といった事情だけで、WBCをめぐる問題のあれこれが変わったのだろうか?

自分は以前から、「WBC」という“日本でしか盛り上がらないイベント”に対しては冷ややかな目を向けていたし*1、大会運営の様々な面でのいびつさ*2が改められない限り、サッカーのW杯と肩を並べるようなイベントには到底なり得ないだろう、と思っていた*3

さらに、今回の“ボイコット”問題の発端となった、大会を牛耳る米国の主催者サイドと参加国との収益配分の問題も、話を聞けばかなりひどいものだから*4、個人的には、今回の一連の選手会の動きも、経営者サイドのプレッシャー&世論の逆風に負けず、どこまで頑張れるだろうか・・・、と好感を持って眺めていたところ。

しかし、日経紙に掲載されている日本プロ野球選手会の説明要旨によれば、「残された懸案」として、

「不合理な大会の形態については、他の出場国と協調しながら交渉を継続する」

とされているが、再ボイコットも含めた今後の具体的な動きについては、何ら言及されていないようである。
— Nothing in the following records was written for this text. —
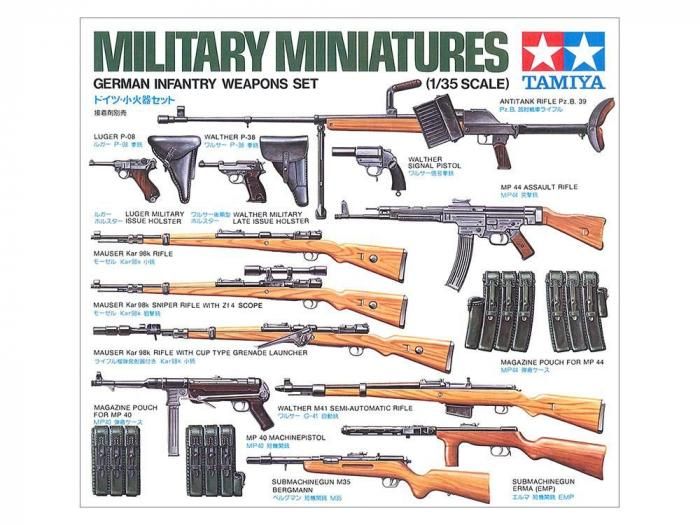 第二次大戦中、ドイツ軍が使用した各種の小火器を1/35スケールで精密にモデル化しました。ルガーP08やワルサーP38などのピストルやKar98K小銃やワルサーG41自動銃、MP40短機関銃やMP44突撃銃、Pz.B.39対戦車ライフル、MG34やMG42機関銃、そして対戦車兵器のパンツァーファウストや磁力地雷まで約20種類各2個をセット。機関銃用の対空三脚架や弾倉ケース、弾薬箱などのアクセサリーも豊富に用意しました。説明書には各兵器の詳しい性能や使用された期間の年表などを掲載。
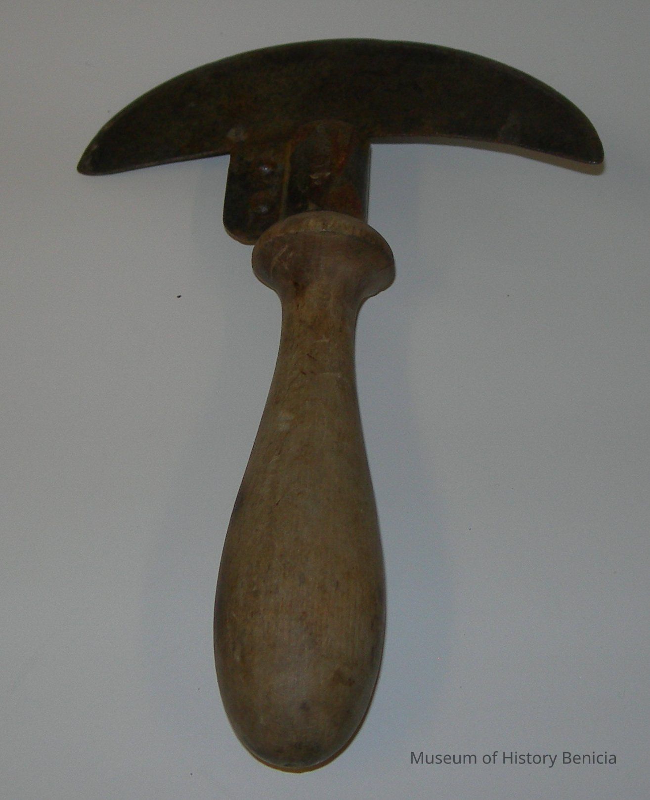 curved blade food chopper; metal blade with wooden handle, probably used with a small curved bowl
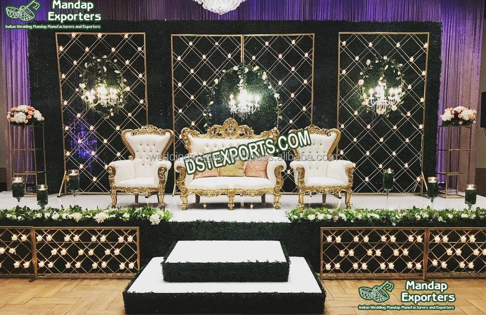 ฉากหลังงานแต่งงานทันสมัยหรูหรา ประดับด้วยเทียนระยิบระยับ ดีไซน์ผนังวิบวับ ปรับแต่งสีและขนาดได้ โครงสร้างโลหะแบบพกพา ผลิตในแคนาดา
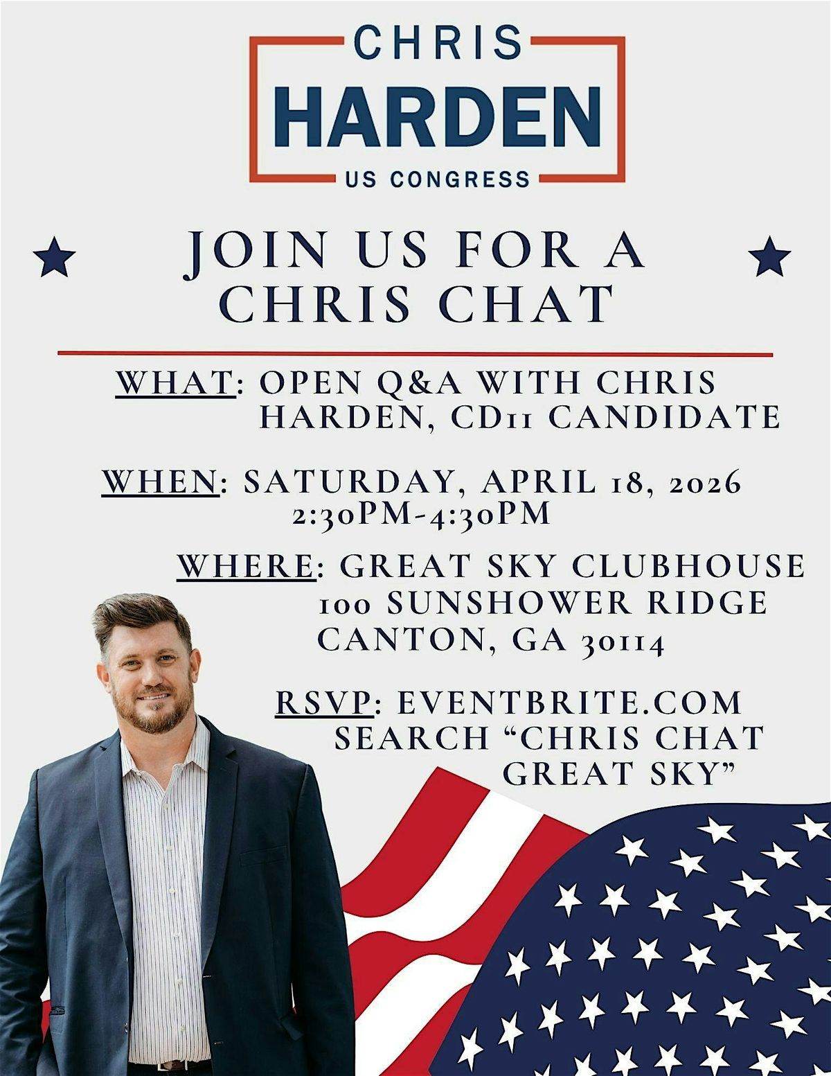 Join the community members of Great Sky and Laurel Canyon in an informal Q&A with Chris Harden, your candidate for Congressional District 11

そして、これまでの2回と同じような形で、「第3回」のWBCが開催されるのであれば、かつて運営面でいろいろと揶揄された「K-1」とか「PRIDE」といった格闘系イベントと同じく、正統性に疑義を抱えたまま、“極東でのみ盛り上がるイベント”として、(世界的に見れば)細々と行われることになってしまうだろう*5

本当に「野球」という競技の未来を考えるのであれば、“中華思想“にどっぷり漬かった米国メジャーリーグに全てを委ねるのではなく、各大陸の代表で構成される連盟が主導して、(アメリカ抜きでもいいから)真の国際大会を最高峰の大会と位置付けて堂々と開催すべきだし*6、日本の関係者が真に力を注ぐべきは、“脱・WBC“に向けて競技環境を整えていくことではないか、と思う。

そのためには、一度くらいのボイコットなど、痛くはないと思うのであるが・・・。

*1:http://d.hatena.ne.jp/FJneo1994/20090324/1237938268などが典型的(笑)。

*2:参加国が少なく、固定化されている、その結果、同じ相手(特にアジア勢)と何度も何度も対戦する(これは運営面のいびつさというより、野球というスポーツの構造そのものに起因するのかもしれないが)、「3月」というプレ・シーズンでの開催(サッカーのW杯だって、欧州リーグの「オフ」にやっているじゃないか、という突っ込みもあるかもしれないが、年中ボールを蹴っているサッカーと、1年の約半分をオフに充てる野球とでは全く状況が異なる)、投球数制限等の米国都合の様々なルール等々、「ガチンコの大会」というには、あまりに奇妙な要素が多過ぎたのが、WBCの過去の大会であった。

*3:それゆえ、「WBC優勝」をあたかも「W杯優勝」と同価値のものとして位置づけようとするメディアの悪しき風習には、毎回辟易させられていた。

*4:とはいえ、この問題は本来「選手会」が前面に出るような話ではなく、NPBのあまりの不甲斐なさに痺れを切らして・・・というのが、実際のところだろうと思われる。

*5:国際的にみれば「細々」でも、局所的には経済効果が大きいがゆえに、本質に切り込まないままズルズルと今の状態が続いてしまうことに問題の一端はあるのだが・・・。

*6:国際野球連盟は、現実主義的な発想に立ったのか、自ら主宰していたW杯を廃止し、WBCを「世界選手権」として「公認」しているが、この状態が競技団体のあり方として健全なものだとは思えない。